Well i am still learning. but i hope i am making progress?? Havent seen any calls posted lately.


----------



## liftologist (Dec 8, 2007)

Very nice !!! Care to give me a lesson.... My call turning needs some work.!


----------



## bill (May 21, 2004)

Very nice...but you got to give wood and finish details lol


----------



## lady linda (Nov 25, 2008)

Nice, line up your wood grain. What finish are you using ? Keep up the work it takes time and practice. They both look very good.
LL


----------



## 3192 (Dec 30, 2004)

Good looking calls! gb


----------



## Robert A. (Jan 8, 2009)

bill said:


> Very nice...but you got to give wood and finish details lol


Thanks you all for your kind words and guidiance.

Left is Kingwood And the right is Olive. Still working on my finish, Tung oil high gloss then buffed and polished then waxed and buffed. I need some lessons in photgraphy as well.. LOL

Any suggestions on a good finish and polish is helpful!!

RA


----------



## EndTuition (May 24, 2004)

The Kingwood sure looks like Cocobolo ! Olive wood is always beautiful.
Those calls are really nice, did you use your custom toneboard jig on them ?

As far as the finish any oil that dries hard ought to work. You still need to sand or wet sand to at least 800 before you start any polishing. I polish with Tripoli (the most important step) then buff with White Diamond, then wax with pure Carnauba wax. Tripoli is red, the method is called "Red, White, Wax" ,and this is the tried and true method perfected by pen turners.

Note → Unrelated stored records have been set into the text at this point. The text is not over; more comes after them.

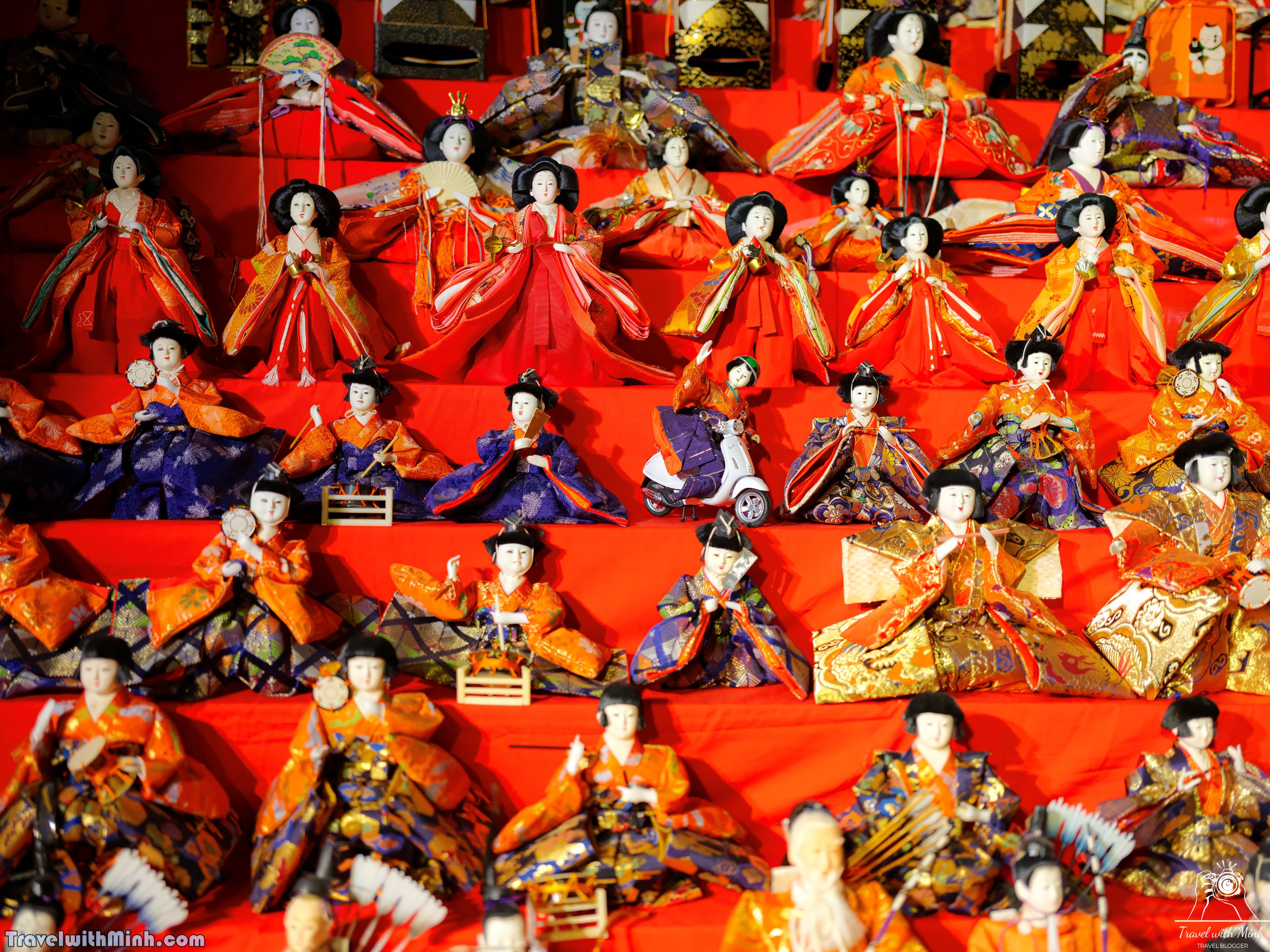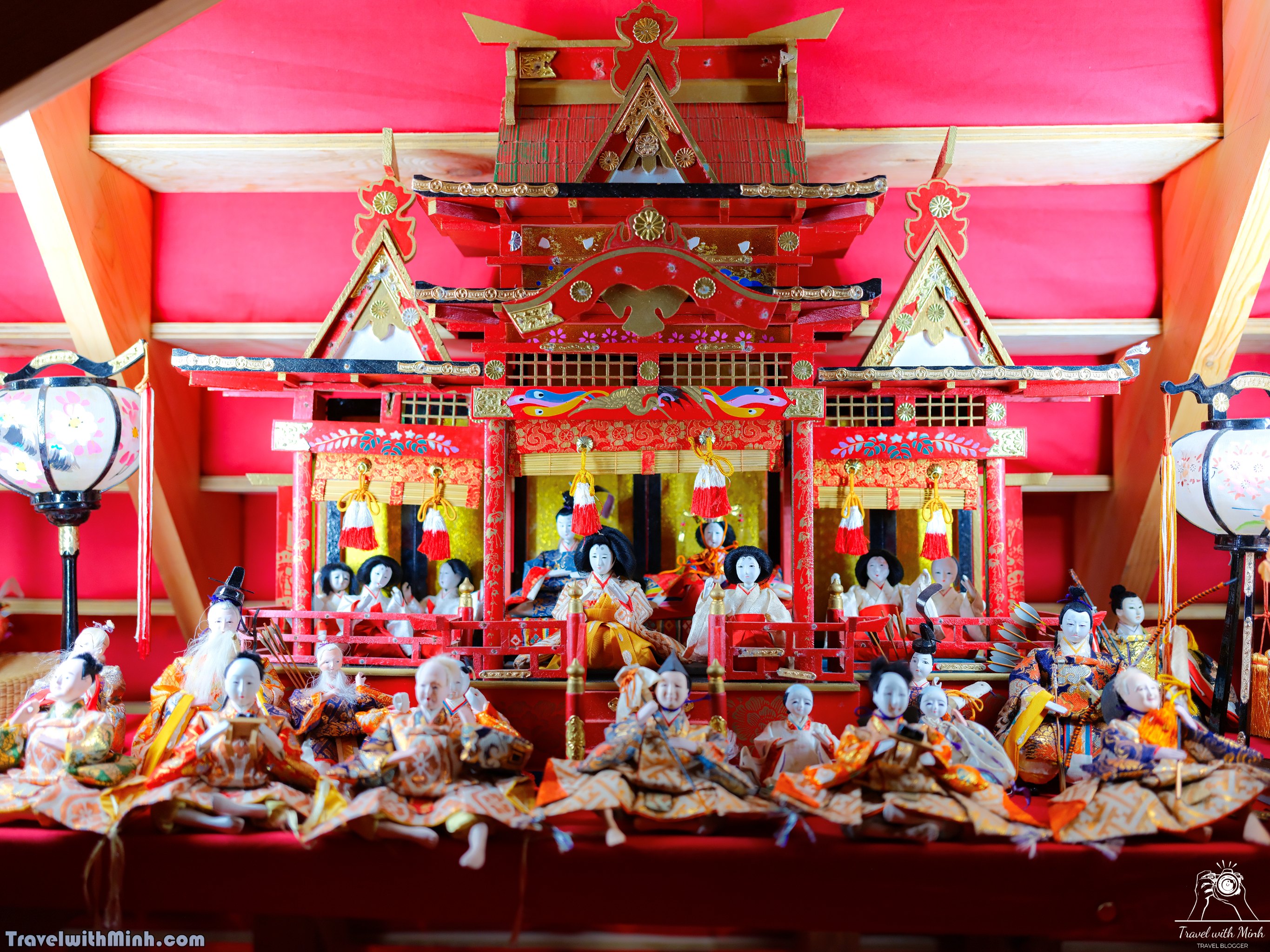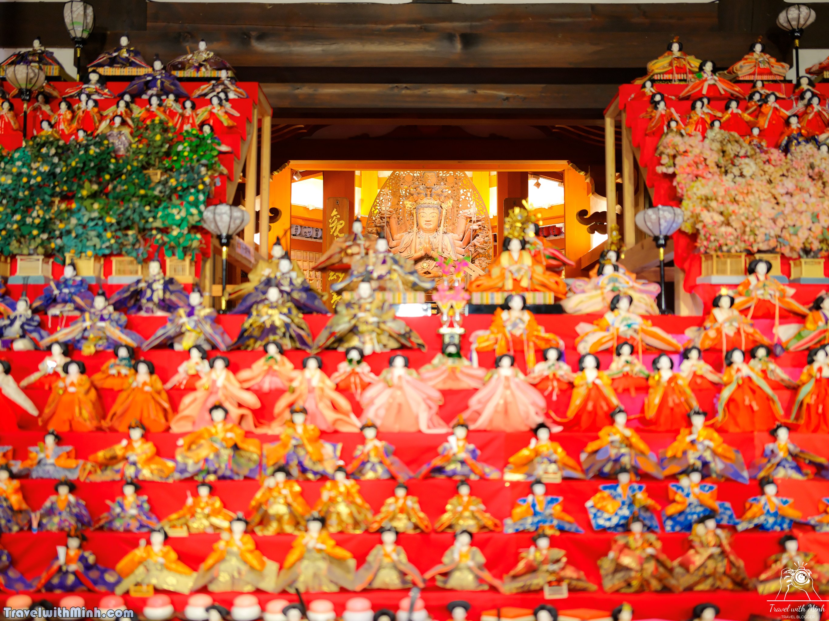 Bên trong điện chính, là sự xuất hiện của hàng trăm búp bê Hina (búp bê truyền thống của Nhật Bản).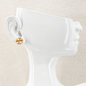 Tory Burch Kira Enamel Circle Stud Earrings Enamel/Titanium Posts/Tory Gold OS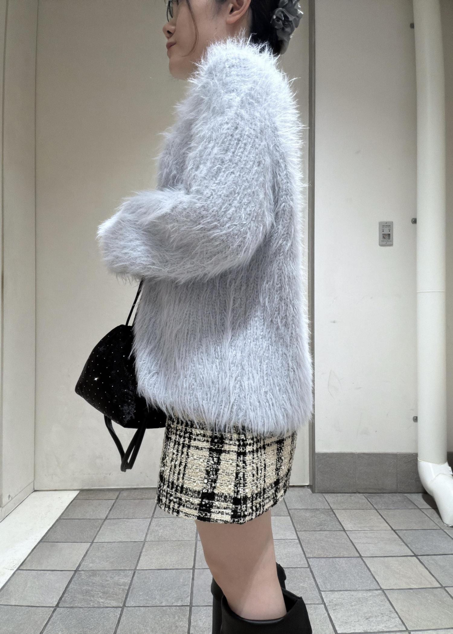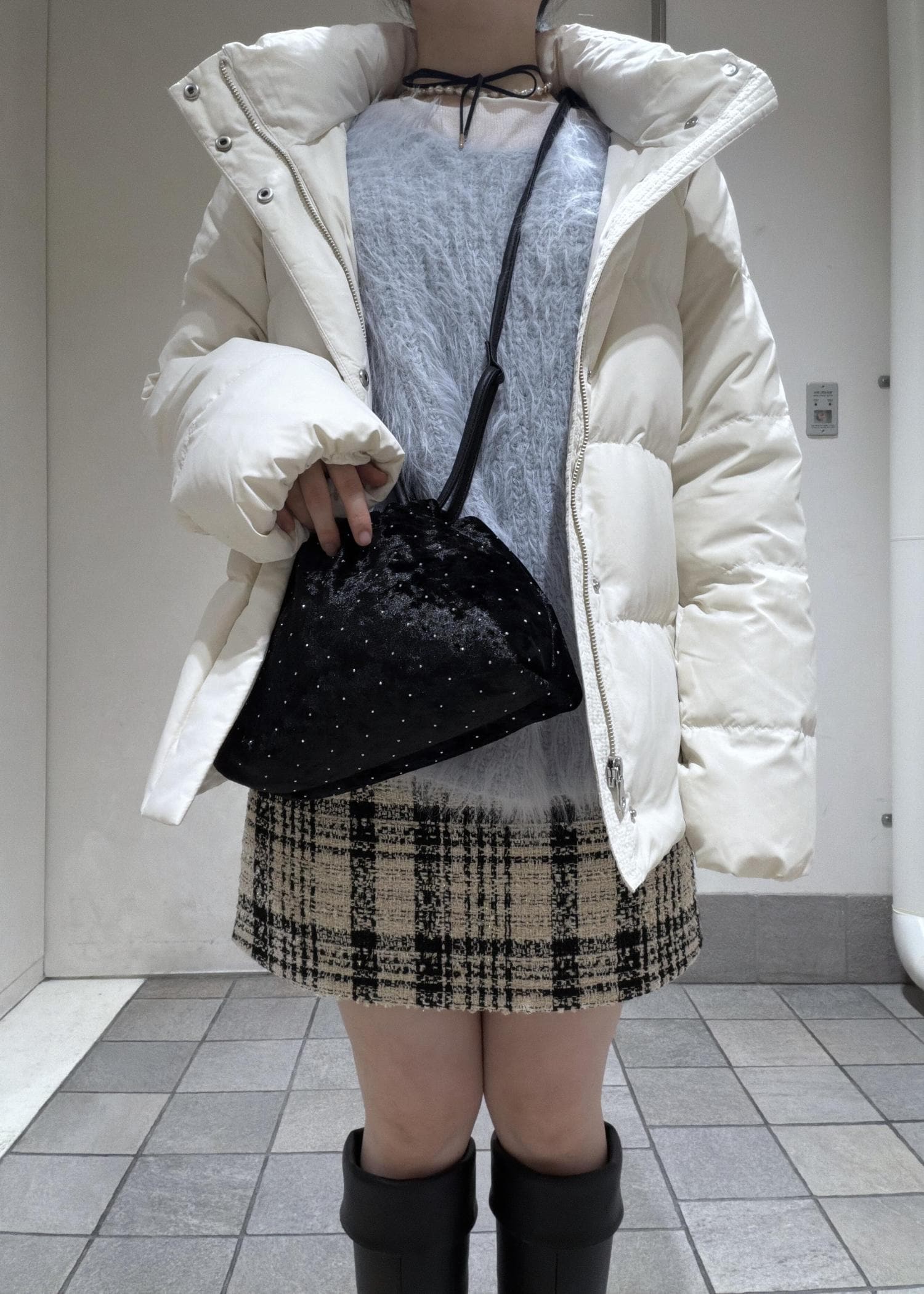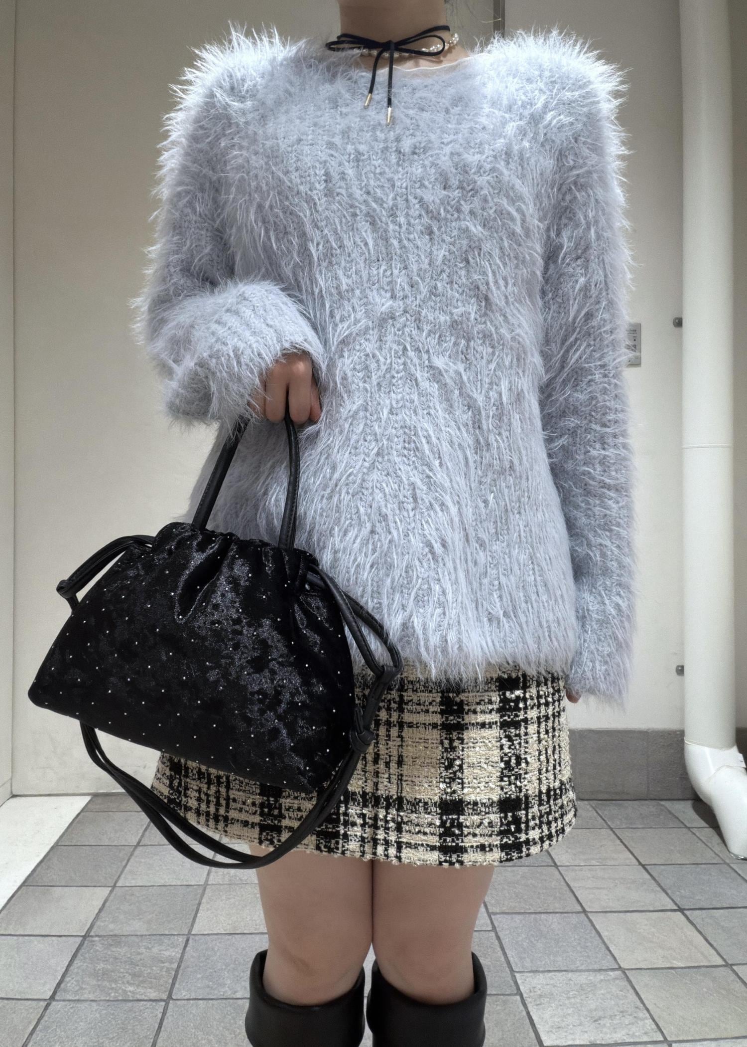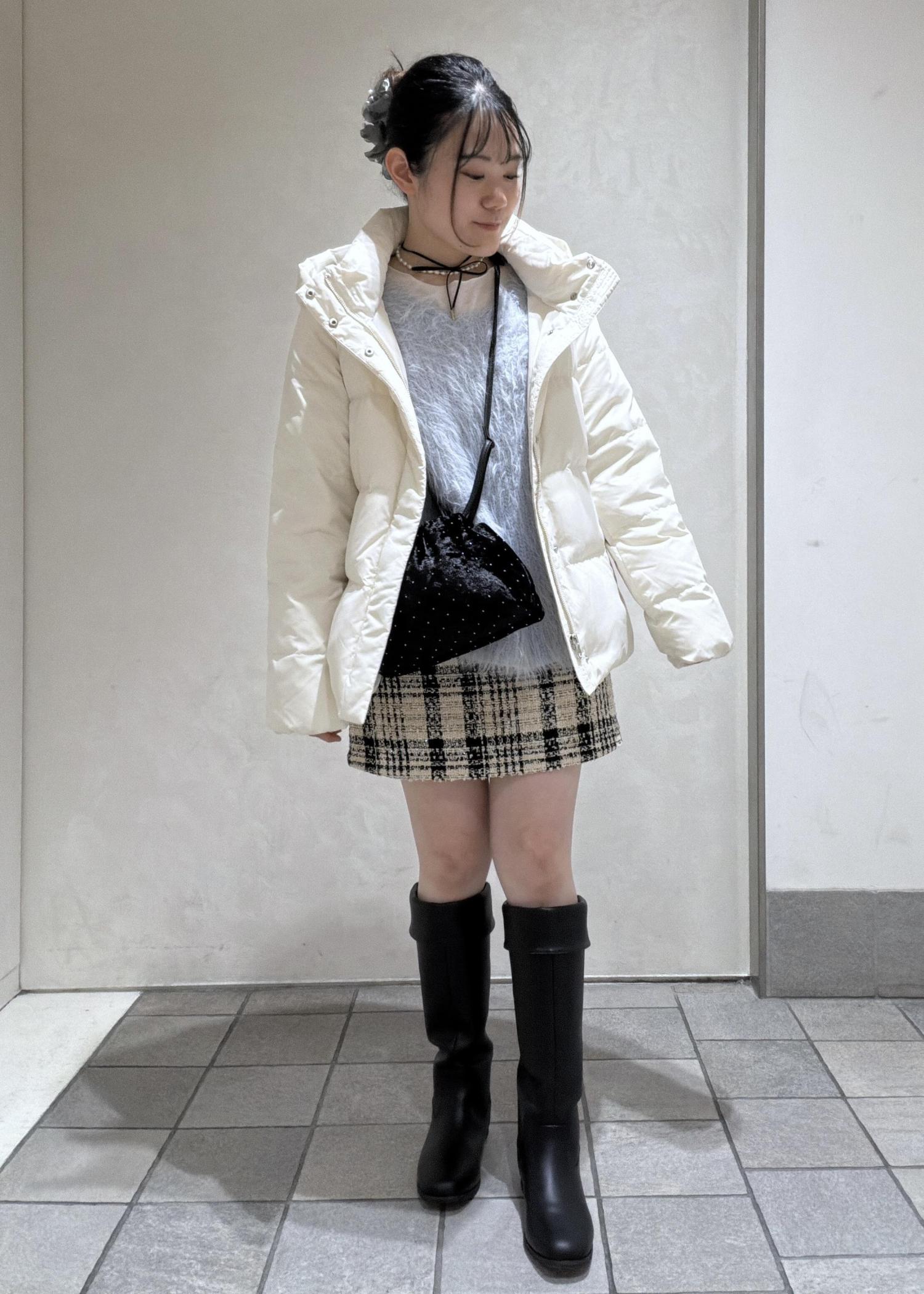クリスマスのお出かけをイメージしてコーディネートしてみました!スカートやバッグにキラキラを取り入れて、トップスは冬を感じるフェザー素材で、大好きな水色をメインにしました!小物は黒で揃えましたが、アウターは白にしてかわいさをプラスしたところがポイントです◎

I stopped using Boiled Linseed Oil (BLO) because it takes sooooo long to dry, and it's a fire hazard. It worked really well for bringing out the grain and figure, but it was just too slow to dry. I recently switched to Minwax 209. It's FAST, seals just as well (maybe better), and brings out the depth of the figure even better in my opinion.


----------



## Tortuga (May 21, 2004)

I'd say you wuz 'learning' pretty good, Richard...Are ya sure you ain't a 'ringer' slipping in here on us...??:rotfl:

Beautiful work..beautiful wood...luv the grain/markings on both of em..


----------



## EndTuition (May 24, 2004)

Tortuga said:


> I'd say you wuz 'learning' pretty good, Richard...Are ya sure you ain't a 'ringer' slipping in here on us...??:rotfl:
> 
> Beautiful work..beautiful wood...luv the grain/markings on both of em..


Call shark !


----------



## Robert A. (Jan 8, 2009)

EndTuition said:


> Call shark !


Ha Ha Ha!! THank you all for your Support!!

Oh sorry Richard, I meant to also say I didn't use an insert on them, I made the toneboards by hand. The olive sounds good to me and the kingwood well needs some tuning or something LOL!! Also the Stainless Steel band is one of mine I had turned down on a lathe from some old Stainless pipe i had laying around.

RA


----------